1. Principle of image enhancement based on First order differential
The first-order partial differential differential representation for a two-tuple function is as follows:
The differential for defining a two-tuple function is:
This describes the first-order differential variation of a pixel point (x, y) in an image. A simple summary of an operator would be a 2*2 matrix as follows
This operator is applied in the image to mean subtracting (x, y) the value of the pixel (x-1,y) from the value at (x, y) of the pixel value minus (x,y-1) and substituting the pixel value at (x, y). This represents a change in the image at (x, y), overlay The change with the original value (x, y), which can make the change more noticeable, that is, to magnify the change, thus achieving image sharpening.
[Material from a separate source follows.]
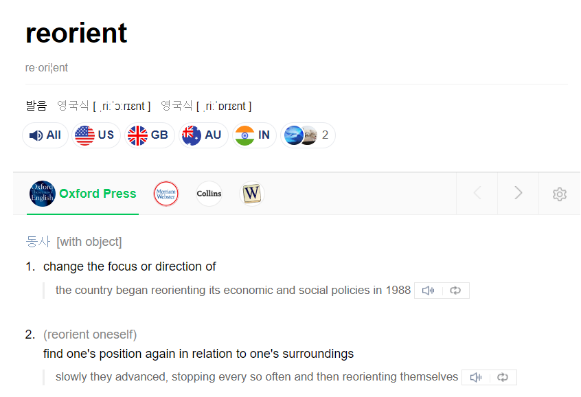 Reorient는 O에 강세가 있다. 어렵지 않은 단어임에도 강세를 모르면 알아듣지 못할 수 있겠다.

2. Image enhancement processing based on second-order differential.
First, a discrete formula of second order differential is defined, and then a filter based on this type is constructed. What we are most concerned about is an isotropic filter, which has a response independent of the direction of the mutation of the image the filter is acting on. In other words, the isotropic filter is rotated unchanged, the original image after the rotation of the filter processing given the first image filtering, and then rotating the same result.
A two-dollar image function f (x, y) of the Laplace transform is defined as:
Because any order differential is a linear operation, the Laplace transform is also a linear operation.
In order to be more suitable for digital image processing, this equation needs to be represented as a discrete form. There are several ways to define discrete transformations through neighborhood processing, but no matter how they are defined, they must conform to the nature of the second-order differential treatment mentioned in 3.7.1 section. The definition of second order differential processing given in the previous section is the most common one. Considering that there are two variables, we use the following definitions for second-order partial differential in the x direction :
Similarly, in the y direction:
(3.7.1) The two-dimensional pull-out digital implementation can be added by the two components:
And the Laplace operator is obtained.
The meaning is the same as the first-order differential operator above.
This explains the use of differential operators, very simple, as above this is when processing the RGB value of each pixel, multiply the RGB three value of the pixel by 4 and then subtract the RGB value of four pixels on the left and right, note that R, G, and B are processed separately.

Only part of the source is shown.